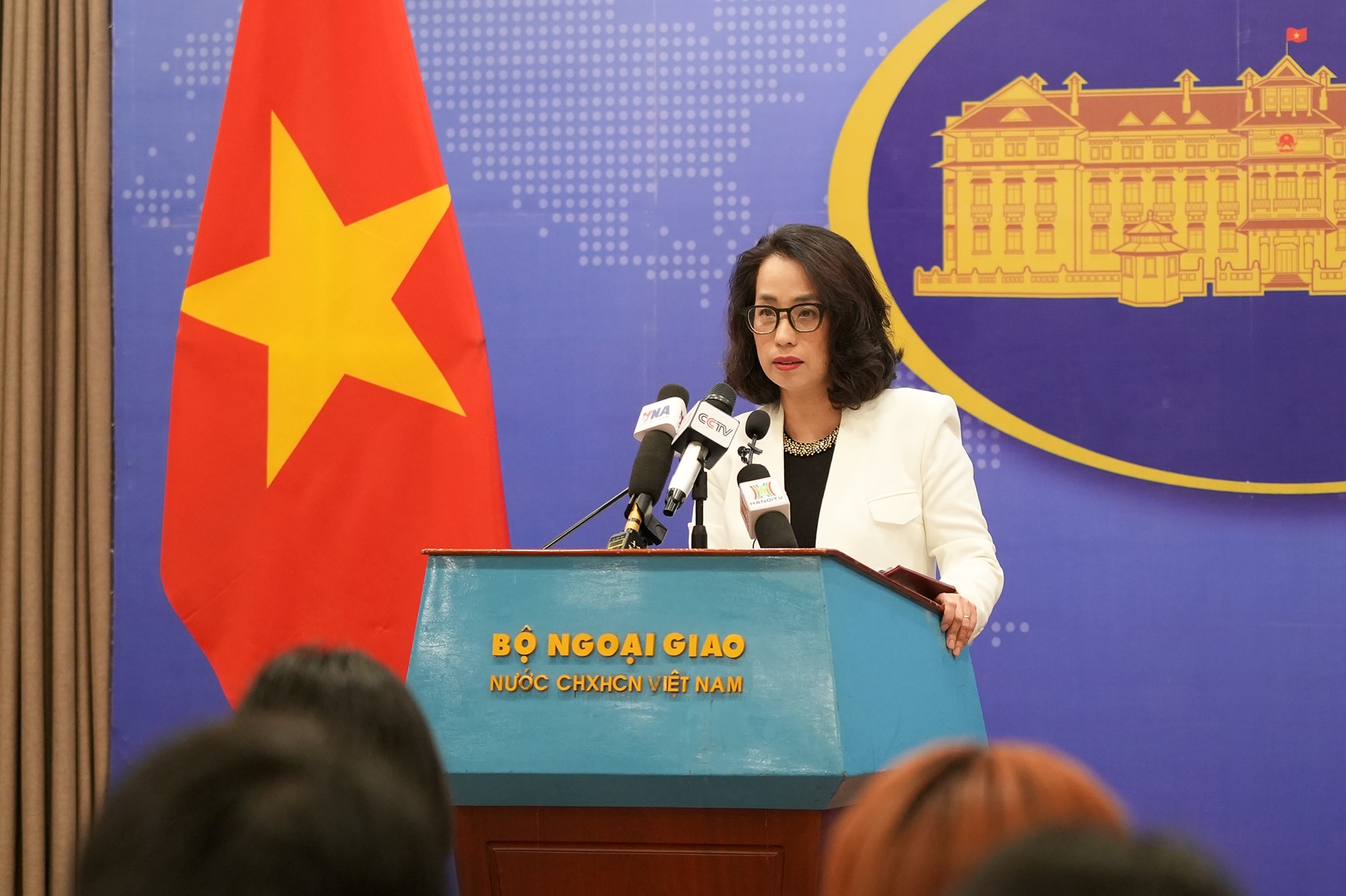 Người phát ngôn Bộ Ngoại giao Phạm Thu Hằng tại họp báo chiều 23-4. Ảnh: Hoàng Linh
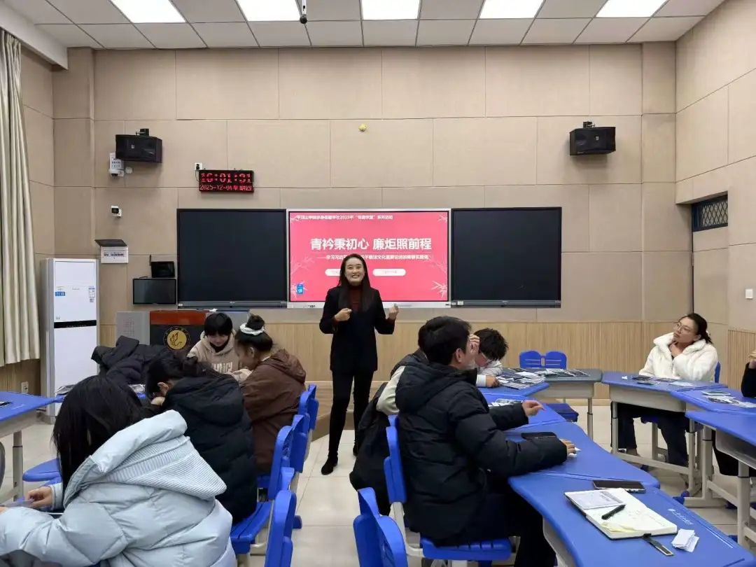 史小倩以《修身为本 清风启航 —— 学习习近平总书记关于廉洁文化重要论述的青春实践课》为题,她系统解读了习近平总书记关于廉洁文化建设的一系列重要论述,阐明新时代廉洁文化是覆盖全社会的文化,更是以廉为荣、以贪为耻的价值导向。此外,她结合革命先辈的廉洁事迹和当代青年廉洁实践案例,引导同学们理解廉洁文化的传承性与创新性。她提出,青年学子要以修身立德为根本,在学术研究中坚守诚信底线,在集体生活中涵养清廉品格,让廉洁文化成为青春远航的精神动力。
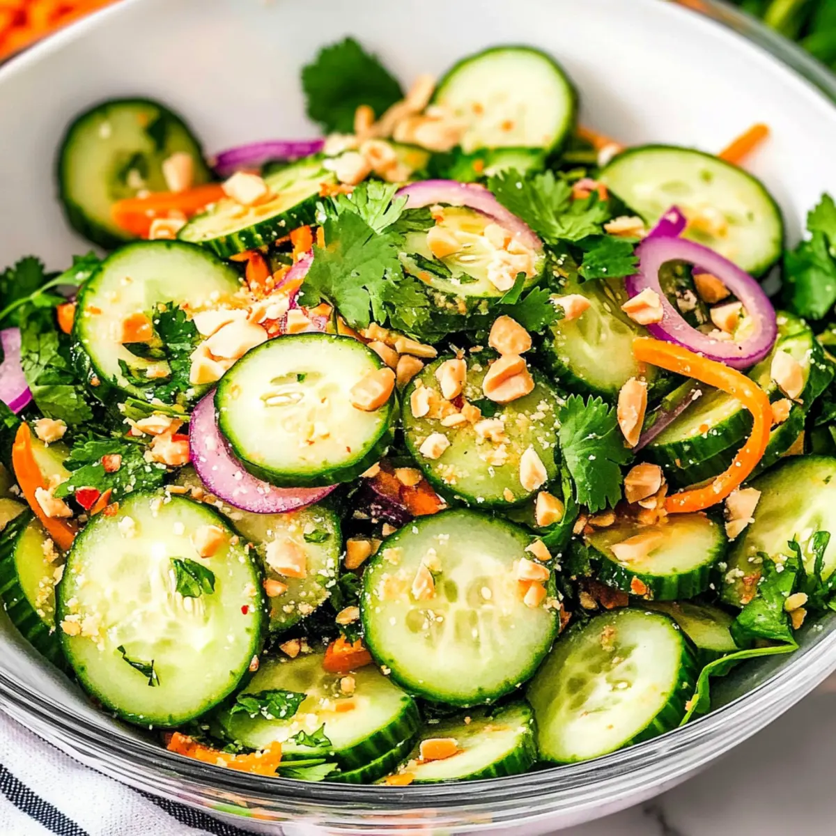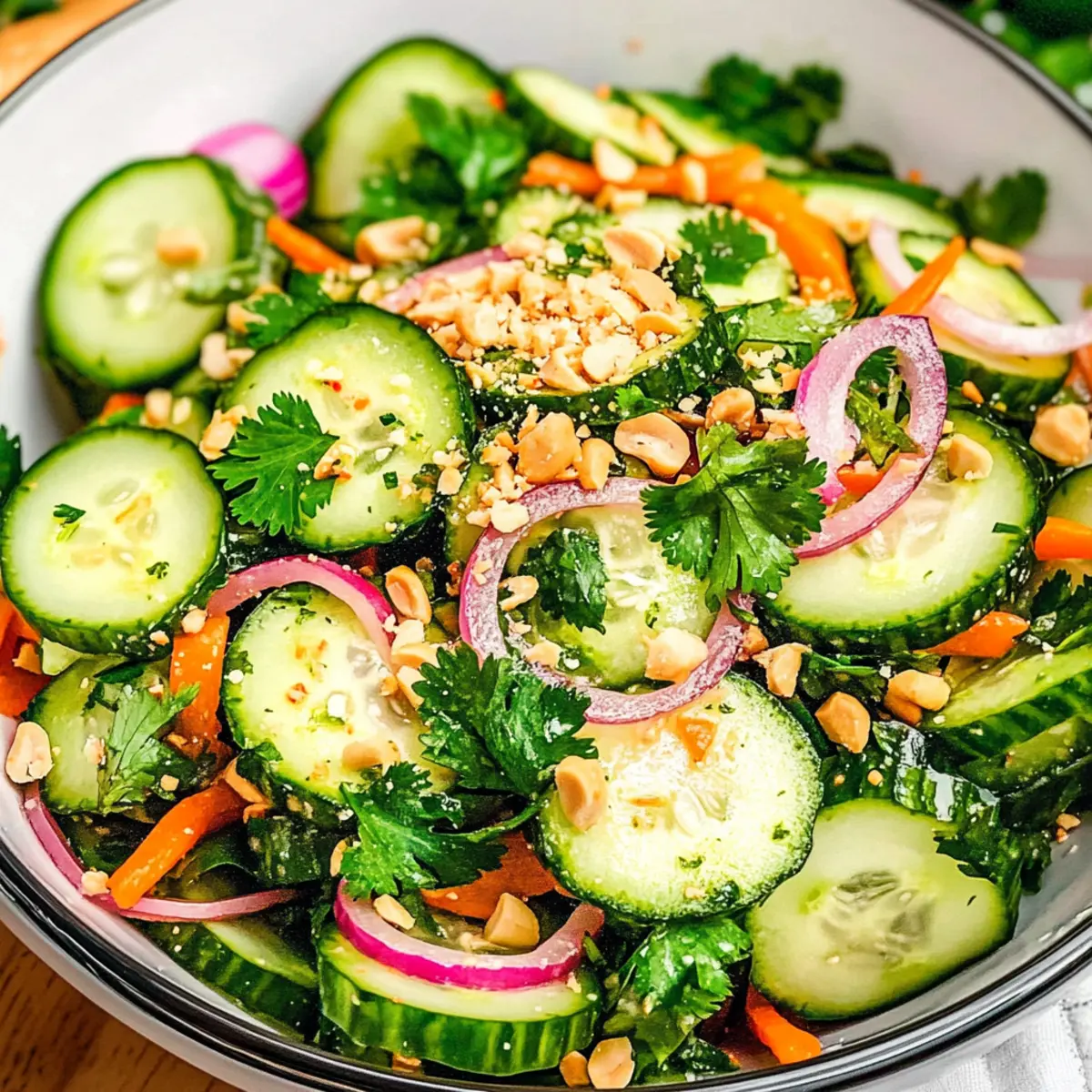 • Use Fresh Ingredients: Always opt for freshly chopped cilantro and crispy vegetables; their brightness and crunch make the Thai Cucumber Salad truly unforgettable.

———

I'd like the material repeated word for word, without the pictures it holds.

 Người phát ngôn Bộ Ngoại giao Phạm Thu Hằng tại họp báo chiều 23-4. Ảnh: Hoàng Linh
 史小倩以《修身为本 清风启航 —— 学习习近平总书记关于廉洁文化重要论述的青春实践课》为题,她系统解读了习近平总书记关于廉洁文化建设的一系列重要论述,阐明新时代廉洁文化是覆盖全社会的文化,更是以廉为荣、以贪为耻的价值导向。此外,她结合革命先辈的廉洁事迹和当代青年廉洁实践案例,引导同学们理解廉洁文化的传承性与创新性。她提出,青年学子要以修身立德为根本,在学术研究中坚守诚信底线,在集体生活中涵养清廉品格,让廉洁文化成为青春远航的精神动力。
 • Use Fresh Ingredients: Always opt for freshly chopped cilantro and crispy vegetables; their brightness and crunch make the Thai Cucumber Salad truly unforgettable.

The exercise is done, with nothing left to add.